A policy win three years in the making

At minutes to midnight, the Property Council finalised three years of discussions with the Federal Government on the implementation of the US Government’s Foreign Account Tax Compliant Act (FATCA).

Belinda Ngo, the Property Council’s new executive director for International and Capital Markets was sweating an email from the Treasury about how the Australian Government would recognise the activities of Australian listed property trusts (AREITS) as part of FATCA.

“We have been negotiating on FATCA for three years. It was vitally important we got it fixed and the deadline set by law was 1 July.  The signed advice from Treasury made it on 30 June, just as the deadline was about to expire.

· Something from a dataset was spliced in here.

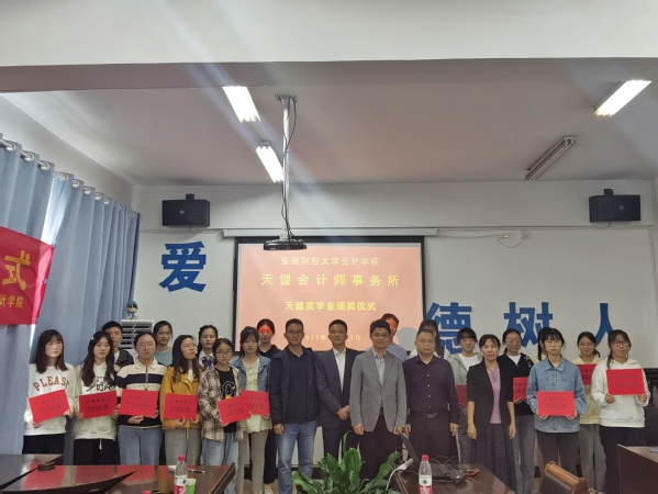 10月13日下午,我学院举行2021年“天健奖学金”颁奖仪式。天健会计师事务所主任会计师助理陈志维、主任会计师助理费方华、合伙人张扬,学院党委副书记金再华、副院长张多蕾、教师辅导员代表和18名获奖学生参加了活动。仪式由学院资助负责人张莉主持。

This was a must-have announcement for the industry and we were sweating it. In the end, this was a win for common sense and a win dealing with an incredibly complex issue which had potentially massive implications for the AREITS”, said Ngo.

At the heart of the complexity was that the FATCA regime was fundamentally unworkable in terms of Australia’s regulatory structure. The FATCA regime requires Australian financial institutions to identify and report US investors to ensure they are meeting their US tax obligations.

A narrow interpretation of the FATCA rules would have required AREITs to identify all US investors via a pre-trade requirement – that is, before an investor acquires units. This is simply not possible under Australia’s share trading framework, given the role of brokers.  At worse, this would have forced AREITs to close existing investor accounts or refuse to on-board new equity investors.

“We had to work through not one, but two regulatory regimes. I pay tribute to the Treasury and the ATO who had to reconcile our international obligations with the day-to-day experiences of the Australian market place”, says Ngo. 

“This is a significant win. It’s not going to make life easier, but it certainty will ensure life doesn’t get significantly worse for the AREITs. The 1 July deadline also coincided with the start date of Common Reporting Standard regime (CRS), which gives rise to similar implementation issues for AREITs. The good news is that both the Treasury and ATO support FATCA and CRS reporting on a pre-trade or post-trade best endeavours approach.”

Ngo says the Property Council’s International and Capital Markets Division has been in contact with its members providing them with details about how the Treasury decision will impact them and what they must do to comply with FATCA as well as CRS.